Physical or Virtualized Data Marts?

Data marts and data warehouses have served the business users’ requirements for a long time, but in today’s agile world, business users cannot wait for the data to be available after a few weeks or even months if the companies follow the SDLC cycle to create data marts.

The creation of data marts is required mainly in following scenarios:

The blending of data: Data coming from varied sources which may be a mix of relational and non-relational data. Most of the BI tools allow blending of data but the performance of the tools suffers especially if the volume of data is large, and user experience for drill downs and aggregations is also not as per expectations.

Data transformations and aggregations: Transformations to raw data and aggregations to a higher granular level are main use cases for using ETL tools to create data marts. Although basic transformations and aggregations can be done using BI tools, aggregating data on the fly could be costly and if the transformations are complex, we will have to use ETL tools.

Single source of truth:  For financial companies, and other companies where data accuracy, consistency, and reliability are of utmost importance, having a single source of truth is essential from a reporting perspective, and data marts can serve as a container for all financial and audit reporting.

Easy and direct integration with BI or visualization tools:  Data marts have been generally created in relational databases which provide a direct ODBC/JDBC source to the BI tools and don’t have integration challenges.

Can we fulfill these requirements without creating Data Marts?

The distributed computing and virtualization tools are helping to resolve some of these challenges, obliterating the need to build extensive and expensive data marts and providing ways to present data to the business in an agile manner.

Traditional virtualization tools like Composite / Denodo can provide a canonical layer from multiple sources of data. The virtualization layer provides pass-thru capabilities to the BI tools using direct ODBC / JDBC connectivity. But high-volume data may present challenges based on cluster sizing and server RAM limitations. Simple transformations can be done using these tools.This approach works fine with small to medium data sets with simple transformations.

With distributed computing, new frameworks and tools are now in the market, which provide big data (mostly Spark based) processing engines. These engines are not limited to a single server CPU/Memory for processing a single job, as they can distribute a single job to multiple servers. Installations of these tools can utilize existing Spark or Hadoop clusters. These tools can fulfill high-performance requirements with large volumes without creating physical data structures. The data can be kept virtualized or written back to databases or file system for audit purposes. A new open source framework called Apache Arrow has been developed and tools like Dremio look very promising for virtualization and big data processing.

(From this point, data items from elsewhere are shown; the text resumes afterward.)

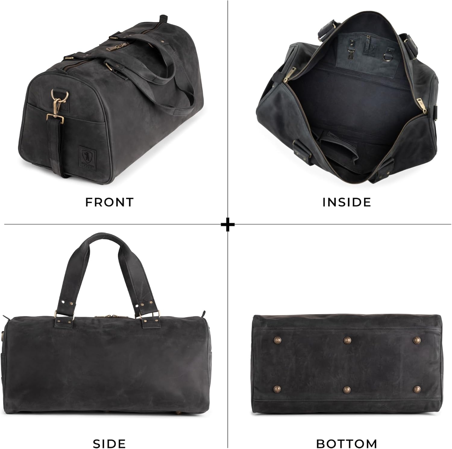 Customers find this duffel bag to be of beautiful quality, with well-sewn seams and smooth leather that holds up well over time. They appreciate its spacious design with multiple pockets and a large shoe compartment, making it perfect for weekend travel and overnight stays. The bag’s size accommodates several days’ worth of clothing, and one customer notes its distressed leather look that’s easy to love.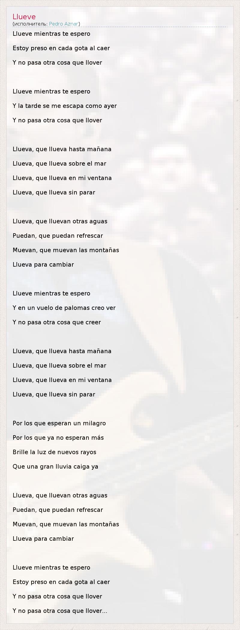 Это интересно:Pedro Aznar (родился 23 июля 1959) - аргентинский музыкант. Известен приданием джазового звучания рок-песням, в основном благодаря использованию безладовой бас-гитары, в чём проявляется сильное влияние Джако Пасториуса.Он также является важной фигурой в аргентинской рок-музыке - середине 70-х работал с такими группами, как ALAS и Pastoral. В 1978 году Педро стал участником Seru Giran, одной и самых влиятельных... продолжение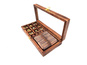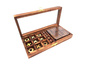 topem, mosiężne zamknięcie, przegródki do przechowywania gier • W zestawie znajdują się gry: Domino, Kości do gry, Kółko i krzyżyk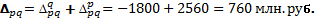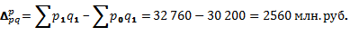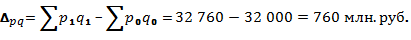 Таким образом, за исследуемый период стоимость всей продукции в целом выросла на 760 млн.руб. Изменение физического объема уменьшило стоимость продукции на 1800 млн. руб., а рост цен увеличил ее на 2560 млн.руб.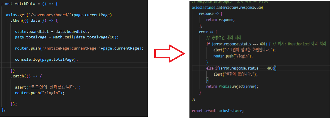 그래서 AxiosInstance객체에서 Interceptor을 이용해 요청을 가로 채고 공통 모듈을 만드는게 효율적인 것 같다.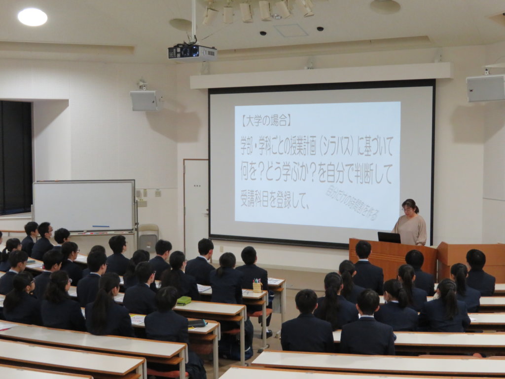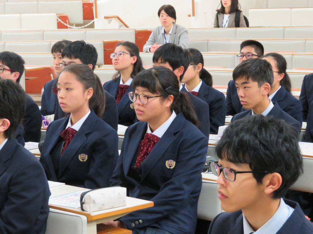 見学の前に、大学と中学校の違いについて説明してくださいました。

Presto / Spark can be used for providing virtualized / real-time processing and some of these frameworks are being used by companies like airBNB, Netflix, Facebook. A new generation of visualization tools like druid can be used for real-time visualizations.

Big data based OLAP tools like Kyvos, Atscale can also be used as a virtual layer but need prep work to get data in cubes.

Data prep tools are a new set of lightweight ETL tools that are gaining popularity for agile data marts creation. These tools will create a data mart, but development and execution are more agile than the traditional ETL tools. Alteryx, Paxata are some of the prominent tools.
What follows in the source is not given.